▶ [Task description]: The line holding "Valentino / Garavani" is the last one to output; start at the first line of the data, keep every line in between exactly, and leave out pictures.

▶ [Excerpted records]:

● ● ●

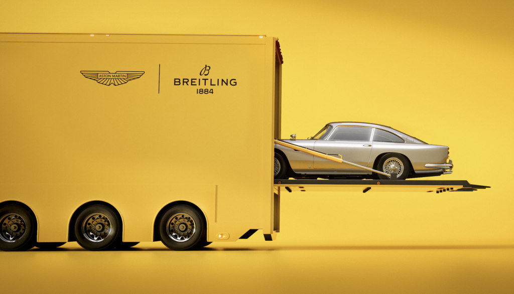 Dans les années 1960, les deux marques deviennent des symboles de style et d’ingénierie moderne. Willy Breitling, petit-fils du fondateur, s’affranchit de l’austérité de l’horlogerie d’après-guerre avec une autre montre, la Top Time, un chronographe destiné à une nouvelle génération d’amateurs de vitesse et de mode. Lorsqu’elle apparaît au poignet de Sean Connery dans Thunderball (1965), en tant que première montre gadget modifiée par Q dans la franchise James Bond, elle devient alors un emblème de l’époque. L’emblématique DB5 d’Aston Martin fait la même chose sur quatre roues dans Thunderball, après ses débuts dans Goldfinger (1964). Apparaissant tous deux dans le même film, les deux chronographes contribuent à la fascination culturelle pour l’univers de l’agent Bond, où la sophistication côtoie la vitesse et les intrigues high-tech.
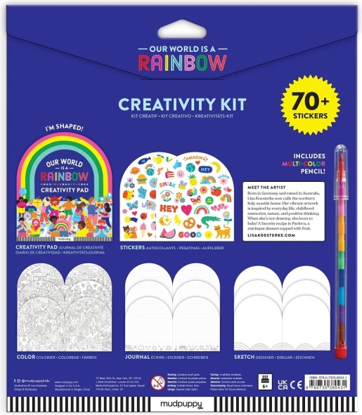 Set creativo Il nostro mondo arcobaleno è un accessorio divertente e pratico per ogni creazione dei bambini. Con oltre 70 adesivi e una penna multicolore porterà gioia a casa e in viaggio.
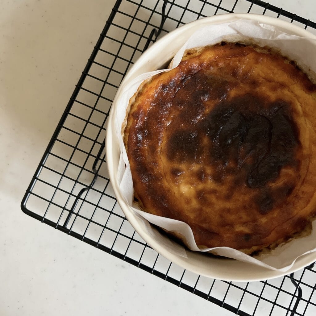 本の中のレシピで、酒粕のベイクドチーズケーキを焼きました。
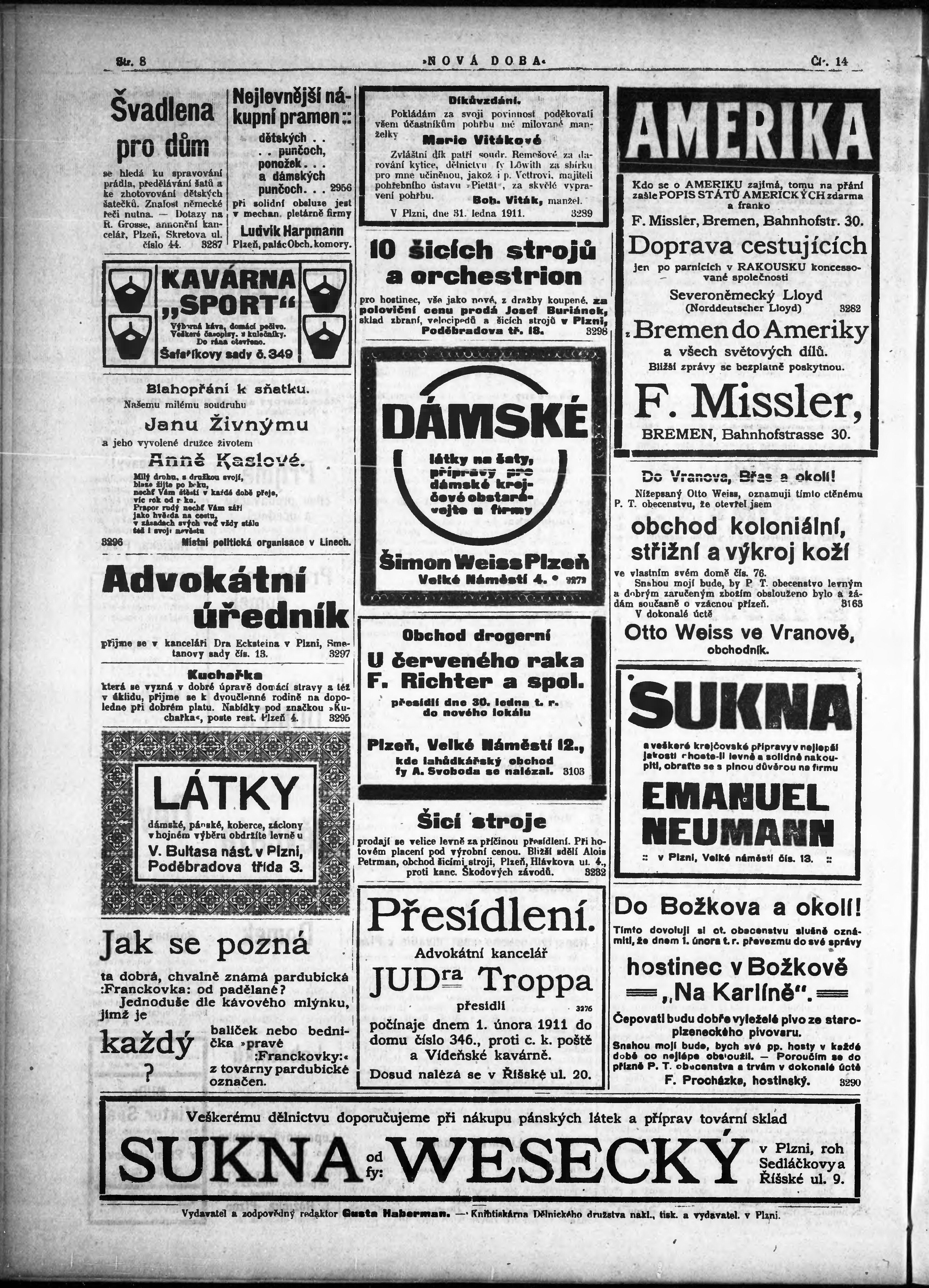 * Datum vydání výtisku: 1.2.1911 Číslo výtisku: 14
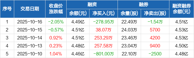 苏交科融资融券信息显示,2025年10月16日融资净偿还278.95万元;融资余额4.49亿元,较前一日下降0.62%
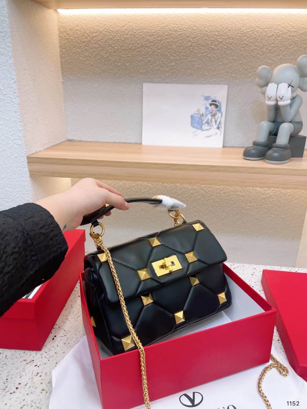 Valentino / Garavani Roman Stud Chain-Link Shoulder Bag / Black
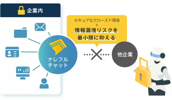 ナレフルチャットは、企業専用のクローズド環境でセキュアに利用できる対話型生成AIチャットツールです。従業員のAIリテラシー向上から、組織全体のナレッジ共有まで包括的にサポートし、企業の生成AI導入における悩みを解決いたします。
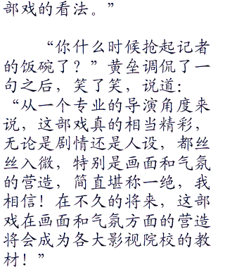 “这比起革命前辈来说算什么,那个时候打赢战争就是他们身为战士的一切,而现在,拍摄一部好作品就是我身为导演的全部!”
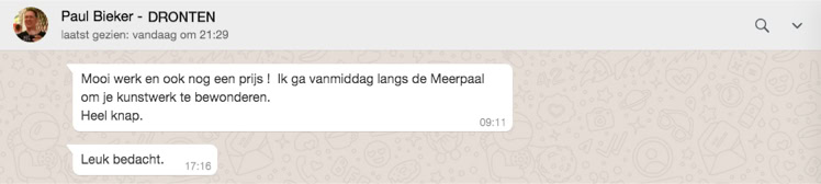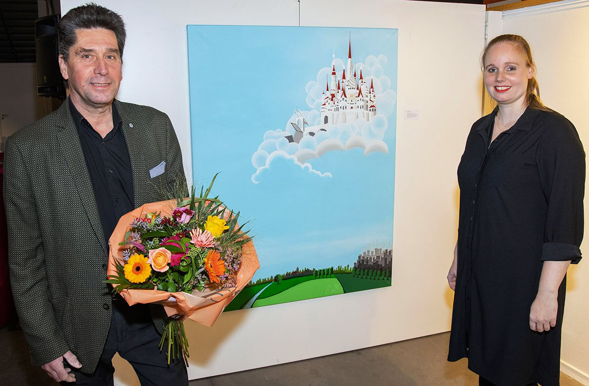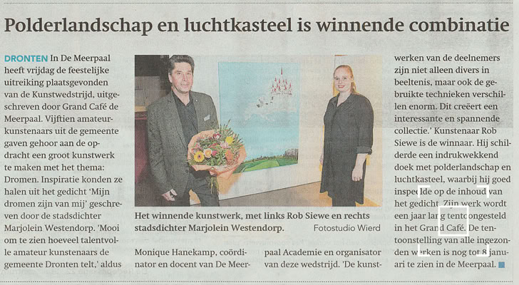 Flevopost 10 dec. 2021 - Kunstenaar Rob Siewe is uitgeroepen tot de winnaar van de Kunstwedstrijd, die werd uitgeschreven door Grand Café De Meerpaal in Dronten. Hij schilderde een indrukwekkend doek met polderlandschap en luchtkasteel, waarbij hij goed inspeelde op de inhoud van het gedicht. De feestelijke prijsuitreiking vond vrijdag 10 december 2021 plaats in theater De Meerpaal. Tekst Monique Hanekamp
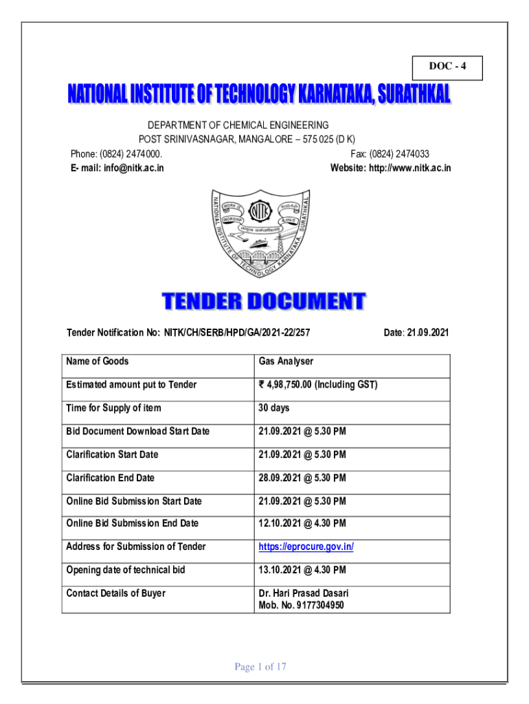 DOC 4DEPARTMENT OF CHEMICAL ENGINEERING POST SRINIVASNAGAR, MANGALORE 575 025 (D K) Phone: (0824) 2474000. Fax: (0824) 2474033 E mail: info@nitk.ac.in Website: http://www.nitk.ac.inTender Notification
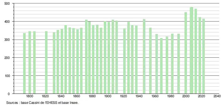 L'évolution du nombre d'habitants est connue à travers les recensements de la population effectués dans la commune depuis 1793. Pour les communes de moins de 10 000 habitants, une enquête de recensement portant sur toute la population est réalisée tous les cinq ans, les populations de référence des années intermédiaires étant quant à elles estimées par interpolation ou extrapolation[22]. Pour la commune, le premier recensement exhaustif entrant dans le cadre du nouveau dispositif a été réalisé en 2007[23].

● ● ●

▶ [Exercise solution]:
 Dans les années 1960, les deux marques deviennent des symboles de style et d’ingénierie moderne. Willy Breitling, petit-fils du fondateur, s’affranchit de l’austérité de l’horlogerie d’après-guerre avec une autre montre, la Top Time, un chronographe destiné à une nouvelle génération d’amateurs de vitesse et de mode. Lorsqu’elle apparaît au poignet de Sean Connery dans Thunderball (1965), en tant que première montre gadget modifiée par Q dans la franchise James Bond, elle devient alors un emblème de l’époque. L’emblématique DB5 d’Aston Martin fait la même chose sur quatre roues dans Thunderball, après ses débuts dans Goldfinger (1964). Apparaissant tous deux dans le même film, les deux chronographes contribuent à la fascination culturelle pour l’univers de l’agent Bond, où la sophistication côtoie la vitesse et les intrigues high-tech.
 Set creativo Il nostro mondo arcobaleno è un accessorio divertente e pratico per ogni creazione dei bambini. Con oltre 70 adesivi e una penna multicolore porterà gioia a casa e in viaggio.
 本の中のレシピで、酒粕のベイクドチーズケーキを焼きました。
 * Datum vydání výtisku: 1.2.1911 Číslo výtisku: 14
 苏交科融资融券信息显示,2025年10月16日融资净偿还278.95万元;融资余额4.49亿元,较前一日下降0.62%
 Valentino / Garavani Roman Stud Chain-Link Shoulder Bag / Black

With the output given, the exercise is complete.